Lindsey Hopkins Sr. (April 22, 1879 – August 14, 1937) was an American businessman and philanthropist. He was a major stockholder and director of the Coca-Cola Company, the Sperry Corporation, North American Aviation (of which Eastern Airlines was a subsidiary), the Reynolds Metal Company, and several banks and insurance companies. His metropolitan Miami real estate included both business and hotel properties in Miami, Coral Gables, and Miami Beach.

==Early life==
Lindsey Hopkins Sr. was born in Reidsville, North Carolina, on April 22, 1879, to parents Jonathan and Minerva Jones Hopkins. After graduating high school, he attended the University of North Carolina. He married Leonora J. Balsley of Greensboro, North Carolina in 1908.

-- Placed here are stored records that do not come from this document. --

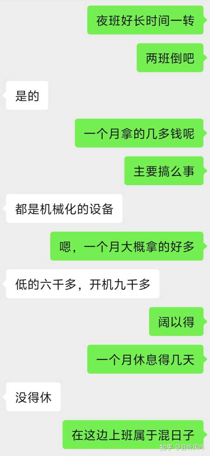 不说比亚迪也不说华为,说个其它企业吧,亿纬锂能,这是湖北荆门厂区一个普工的待遇,这是我跟他昨天的部分对话记录 对话人是我朋友,湖北京山人,40岁,学历好像是初中未毕业,两个娃,养过鸡,亏了,干过工地,走过南闯过北,风吹雨淋,典型的朴实的农村人 现在在老家一个月六千多,一顿饭三块钱,还有五险一金,老家往返一趟两个小时就行,要知道,我们那儿的老农民就算是在地里苦一年,都苦不到一万块钱 最后,我只希望这样的企业越来越多,我也愿意由心的喊投资人一声哥 更正下,朋友说厂里车间普工给的是13薪,然后说全年无休是不严谨的,春节会有七天年假,至于其它节日有没有假期,我没有具体多问,平时想休息也可以请假,他基本每个月都会回老家一趟。如有误导,抱歉了 2026年1月24日,小透明再次更新下,首先很感谢大家的点赞,没有想到一个简单发言,会引起一些人的共鸣。当然,也感谢那些反对质疑的声音,或许正是你们的发声,才会给更多人带来更多的权利与福利,反对与质疑也会带来进步,没有任何事物一定是伟光正的 安得广厦千万间,大庇天下寒士俱欢颜 下面的话语,我只是根据我个人看待问题的角度,对一些事情进行回复,有异议正常,毕竟每个人看待问题肯定存在差异 评论区会有些声音,有的是带有怨气的,有的是不遵守劳动法的,有的会觉得人力不值钱的,这些我都理解,包括我自己都在说,太狠了,太熬人了,太熬时间了,但事物需要多维看待 关于劳动法,劳动法去算最理想状态如下,荆门市普工不管吃住一个月3452,管吃管住一个月六千多,你觉得多数人会选哪个?别总想的太理想化,大众会用脚去投票的 关于没时间谈对象,这个东西见仁见智吧,有的人就是把他塞女儿国他也谈不到啊,比如我这种。据我所知,还有很多特意进厂去找另一半的,朋友说有很多一个人进去,两个人出去的那种,一会我把截图放在最下面,免得影响大家观感 关于休息,你去了他又不能限制你人身自由,你觉得接受不了的东西你可以走,你接受不了说明你退路比别人多可选择比别人多。这对于没文化没技术没年纪可选择不多的人,又想离家近的,未尝不是种暂时性选择。有的人觉得蛋炒饭就很香,有的人觉得山珍海味才是吃食。你也不能因此否定别人为当地提供的机会,就业,人流,发展,机遇等等,事情不能脱离实际因素去看,事情也是相对的,谁不想理想化些呢,谁不知道熬夜班艰辛呢,谁不想周末双休呢,对吧 关于工资低,对于我的理解,能带动城市发展,能让农村孩子不当留守儿童,能给予广大底层一口还不错的饭吃,他就是个好人。这份工作对于选择不多的人不妨碍它是个好去处,对于暂时迷茫的人,它也是个不错的过渡选择。当然,我也希望你能帮很多很多人找到早九晚五双休月薪一万八的工作 我在武汉,这里太多每个月三五千不管吃住的工作与人了,每天除掉生活开销,住房水电,路程往返,一年能存下来多少钱呢?看上去很体面而已,有些甚至早上买个包子,是买一个还是两个,都要犹豫好久。而我朋友一个月六千多,厂里管吃管住的,一个月也能落个四五千左右 至于有些人高高在上抬起头,满是傲慢,却不肯低头看看脚下的泥与芸芸众生。这个国家多数都是底层劳动人民,一直还处于发展阶段,任何事情都不能脱离实际因素去看待,也不能跳过阶段阶层去看问题。不然听来甚至有些肉食者鄙,何不食肉糜的意味。很多人会觉得辛苦,不值得,我知道你们是心怀善意的,但是有些实际因素,是我们不得不接受的 每个人能力有大小,如果我朋友和很多人一样985或211的,还去挣这个六千多的苦命钱,那我肯定会觉得不值得,我也希望他年入百万,但是他不具备这个价值与能力啊,我得站在他的角度能力去看待问题,人不能脱离自身能力价值去谈报酬 社会的发展从来不是一蹴而就,这个社会由万千人万千职业构造而成,从农民从无业从工人从大厂牛马从土木狗从金融从政府部门从航天,每个人都在有生命力的跳动着,但只有脚踏实地才能向前。正因为每个我们,才有了今天我们对话交流的机会 感谢你们的质疑,至于那些只知道嘲笑的阴洋怪汽的蛙蛙,希望你们一辈子对任何人任何事都会阴洋怪汽,记得保持这样的品性哦 嗯,好了,吵扰到大家了,谢谢 |
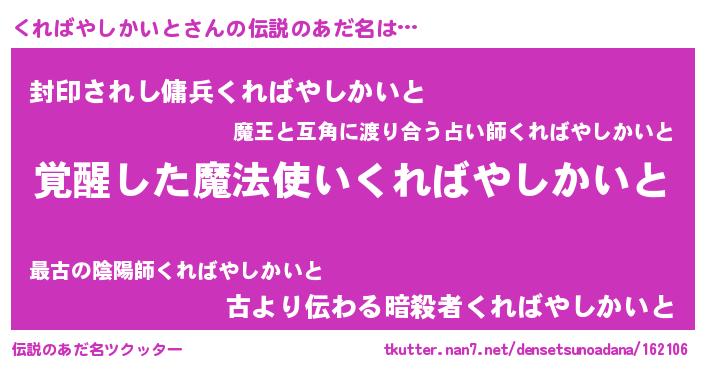 | 男性向けラノベタイトル風あだ名 | 『くればやしかいとの嫁は女の子じゃないと思った?』 |
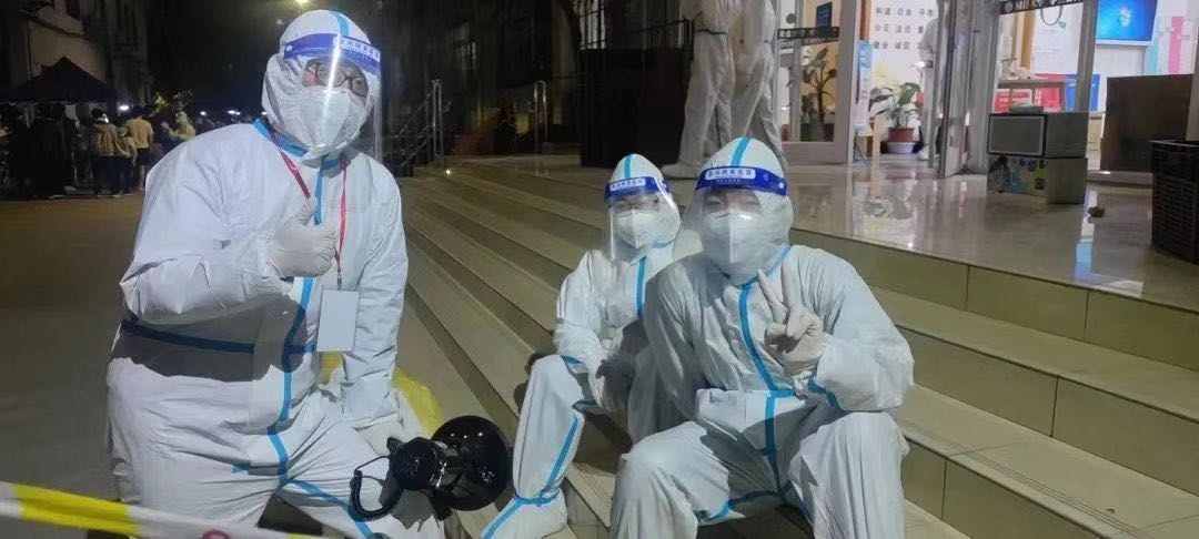 他们,是核酸检测中负责维持秩序的“大白”
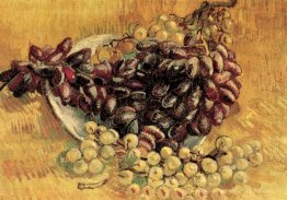 Tulpen und Austern auf einem schwarzen Hintergrund
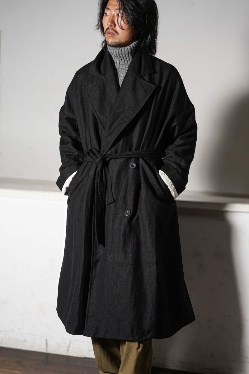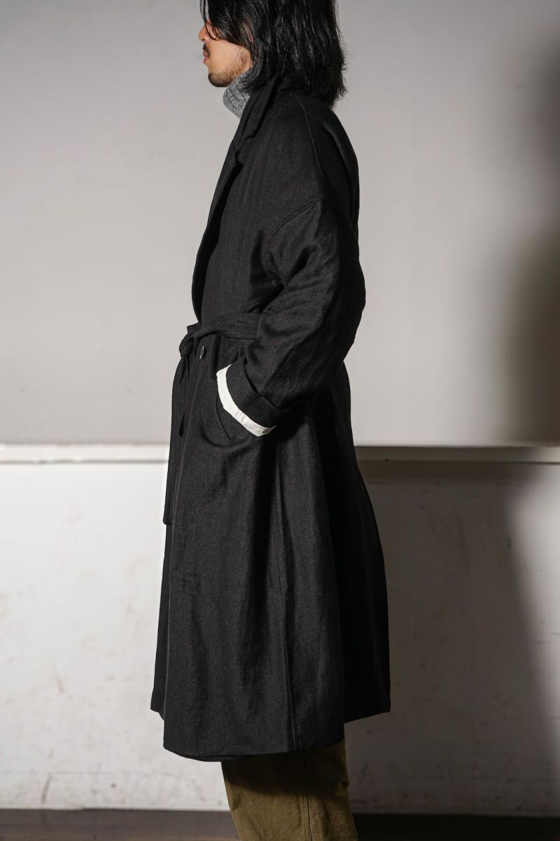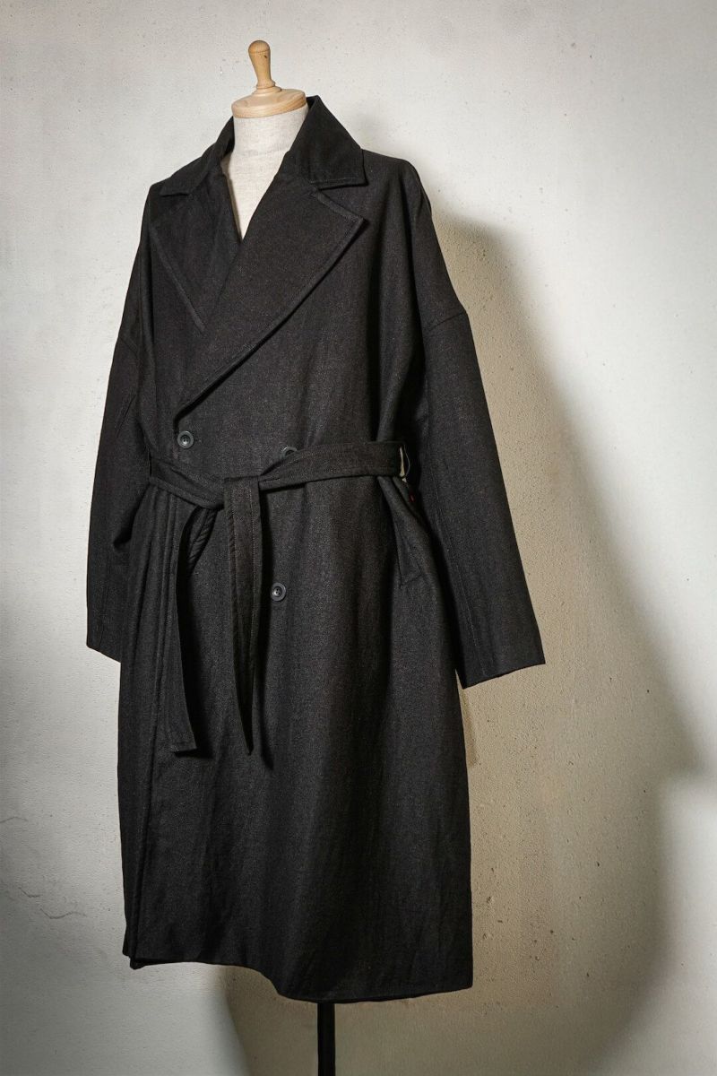 テーラードカラー、シルエットを調整するための取り外し可能なウエストベルトを備えた、迫力のあるダブルブレストコート。素材はリネンの通気性とウールの暖かさを両立した混紡生地を使用しています。自然なドレープ感と深みのある風合い豊かな生地感が魅力的です。
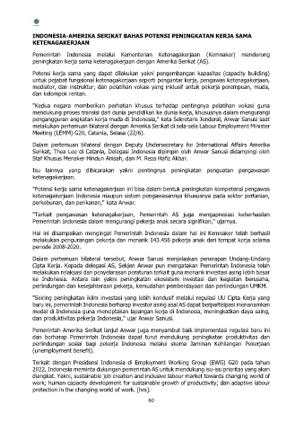 peningkatan kerja sama ketenagakerjaan dengan Amerika Serikat (AS).
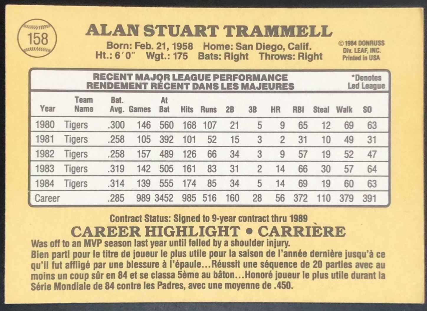 Card #158 Donruss, baseball, MLB, vintage, hall of fame
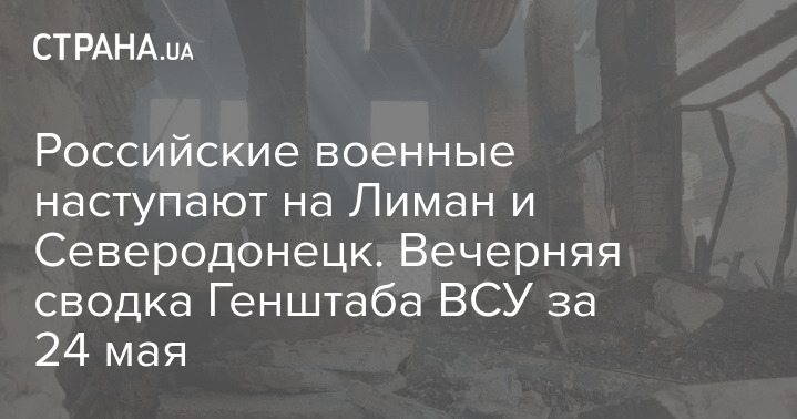 Российские войска ведут наступление на северо-востоке Донецкой области, в направлении Лимана, Северодонецка, на Бахмутском направлении, в районе Авдеевки, Песок и Марьинки. Об этом говорится в вечерней сводке Генштаба ВСУ за 24 мая.
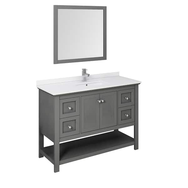 Manchester Regal 48 in. W Bathroom Vanity in Gray Wood with Quartz Stone Vanity Top in White with White Basin and Mirror
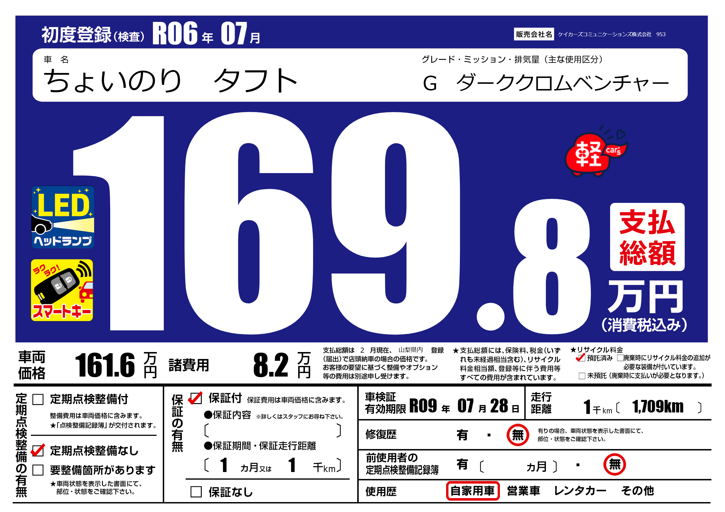 | 走行キロ | 0.1万km | 初年度登録 | R06年07月 |
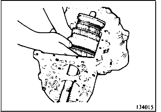 * Remove the overdrive gear, needle bearing, overdrive gear bearing sleeve, overdrive - reverse synchronizer assembly, reverse gear, needle bearing, reverse gear bearing sleeve and spacer from the main shaft.
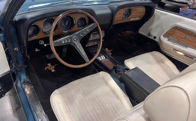 Ford performed its second update to the First Generation Mustang for the 1969 model year, increasing the length and width to give the car a greater sense of presence. This came at a cost, with weights climbing across the board. This car is a perfect example of that philosophy, because Ford’s Dealer Specifications Sheets confirm that this Convertible tips the scales almost 50 lbs heavier than the same car produced in 1968. The first owner ordered this Convertible in Gulfstream Aqua, with the seller recently adding a White Robbins power top. They describe the paint as a “good 10-footer,” which confirms that a close inspection will reveal imperfections. However, with the panels straight, the car is definitely presentable. The underside shot is encouraging, with no rust or other nasty surprises. In fact, the only rust of any description is confined to the quarter panel drop-offs, although the listing suggests that these areas are patchable.
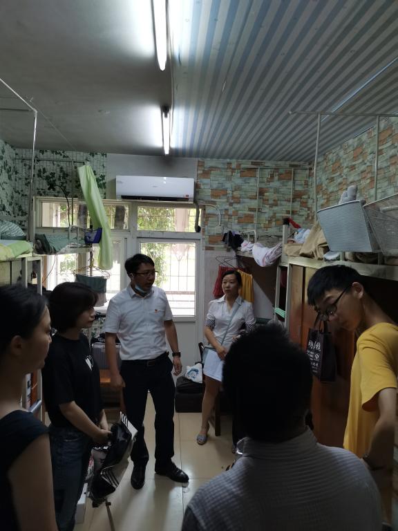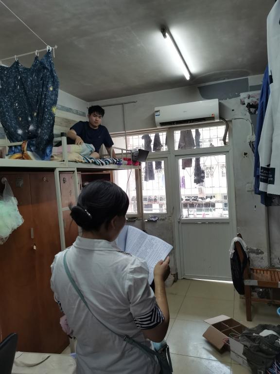 随后,刘书记和全体辅导员分成3个小组深入学生宿舍开展安全大检查。检查组认真查看了学生宿舍封门、安全和卫生情况,并与暑期留校学生进行了交流,了解他们的学习、生活安排。查寝老师提醒学生要牢牢树立宿舍安全意识,要做好疫情防控和防火、防汛、防盗、防诈骗等工作,叮嘱陆续离校的同学们关好门窗,在归家途中小心防范,确保自身安全,到家后及时报一声平安!

Hopkins started as a printer's devil with the Greensboro Patriot, making $2 a week. He quickly advanced to selling oil and soon began making money by investing in new ventures.

==Business career==
In 1905, Hopkins performed a promotional stunt where he drove a car 400 miles over muddy roads and swollen rivers from Atlanta, Georgia, to Greensboro, North Carolina. The trip took five and a half days, including several near-fatal mishaps along the way. In 1909, Hopkins moved from Greensboro, North Carolina, to Atlanta, Georgia, to engage in business with the fledgling automobile, oil, and gasoline industry. He started selling Overland automobiles, becoming a distributor in nine Southern states, and took an active interest in the Good Roads Movement.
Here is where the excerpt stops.